*** Begin section ***

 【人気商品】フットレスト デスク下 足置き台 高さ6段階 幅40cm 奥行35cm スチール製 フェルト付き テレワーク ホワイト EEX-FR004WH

*** End section ***
*** Begin section ***

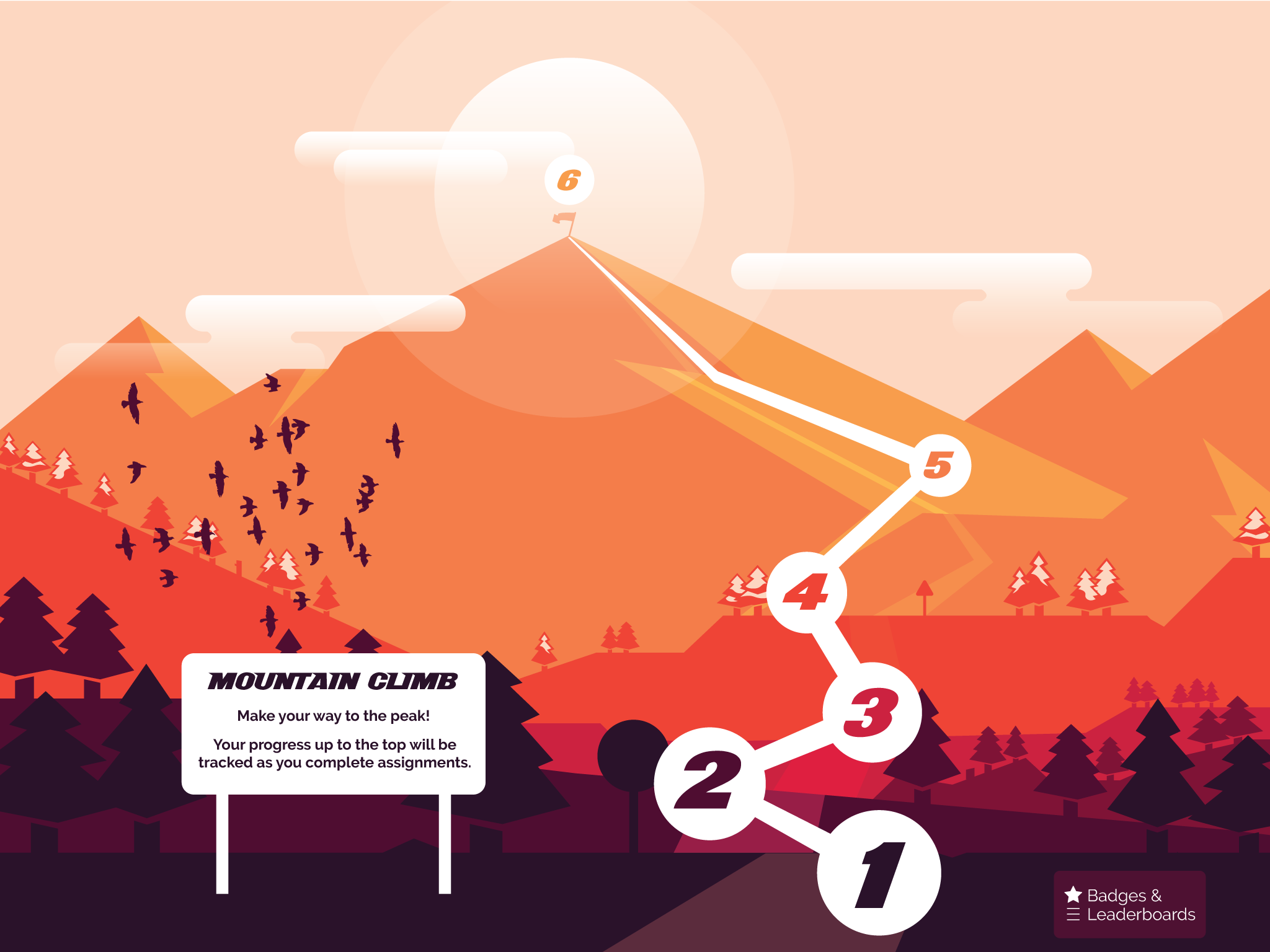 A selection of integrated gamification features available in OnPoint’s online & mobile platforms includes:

*** End section ***
*** Begin section ***

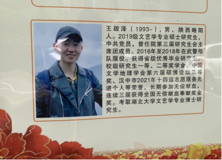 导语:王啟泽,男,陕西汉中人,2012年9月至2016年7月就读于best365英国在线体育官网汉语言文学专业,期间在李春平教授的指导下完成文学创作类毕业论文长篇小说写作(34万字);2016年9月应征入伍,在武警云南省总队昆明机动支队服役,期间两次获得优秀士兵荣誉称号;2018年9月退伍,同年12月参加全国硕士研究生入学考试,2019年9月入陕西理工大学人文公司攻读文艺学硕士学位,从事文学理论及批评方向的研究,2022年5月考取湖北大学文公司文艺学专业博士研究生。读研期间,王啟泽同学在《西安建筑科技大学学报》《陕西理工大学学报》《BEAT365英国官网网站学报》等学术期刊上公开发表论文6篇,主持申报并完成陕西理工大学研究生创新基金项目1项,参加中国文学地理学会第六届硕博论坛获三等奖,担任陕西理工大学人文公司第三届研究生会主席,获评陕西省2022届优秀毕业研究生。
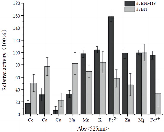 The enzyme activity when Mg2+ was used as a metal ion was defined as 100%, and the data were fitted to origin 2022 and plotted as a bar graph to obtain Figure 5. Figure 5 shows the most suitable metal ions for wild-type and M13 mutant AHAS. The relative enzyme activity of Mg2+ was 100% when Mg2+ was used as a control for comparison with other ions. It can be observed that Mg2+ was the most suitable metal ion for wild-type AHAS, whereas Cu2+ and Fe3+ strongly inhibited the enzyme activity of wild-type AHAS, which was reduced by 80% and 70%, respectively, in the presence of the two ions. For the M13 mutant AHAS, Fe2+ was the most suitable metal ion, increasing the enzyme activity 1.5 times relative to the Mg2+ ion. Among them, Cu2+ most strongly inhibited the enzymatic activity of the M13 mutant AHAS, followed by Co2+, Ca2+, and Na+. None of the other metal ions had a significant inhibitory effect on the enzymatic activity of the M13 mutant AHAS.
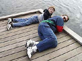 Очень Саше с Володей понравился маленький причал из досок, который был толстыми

*** End section ***

Copy exactly, without pictures, the lines above from the one with "The enzyme activity when" down to the one with "Очень Саше с", inclusive.

> **Exercise response**
 The enzyme activity when Mg2+ was used as a metal ion was defined as 100%, and the data were fitted to origin 2022 and plotted as a bar graph to obtain Figure 5. Figure 5 shows the most suitable metal ions for wild-type and M13 mutant AHAS. The relative enzyme activity of Mg2+ was 100% when Mg2+ was used as a control for comparison with other ions. It can be observed that Mg2+ was the most suitable metal ion for wild-type AHAS, whereas Cu2+ and Fe3+ strongly inhibited the enzyme activity of wild-type AHAS, which was reduced by 80% and 70%, respectively, in the presence of the two ions. For the M13 mutant AHAS, Fe2+ was the most suitable metal ion, increasing the enzyme activity 1.5 times relative to the Mg2+ ion. Among them, Cu2+ most strongly inhibited the enzymatic activity of the M13 mutant AHAS, followed by Co2+, Ca2+, and Na+. None of the other metal ions had a significant inhibitory effect on the enzymatic activity of the M13 mutant AHAS.
 Очень Саше с Володей понравился маленький причал из досок, который был толстыми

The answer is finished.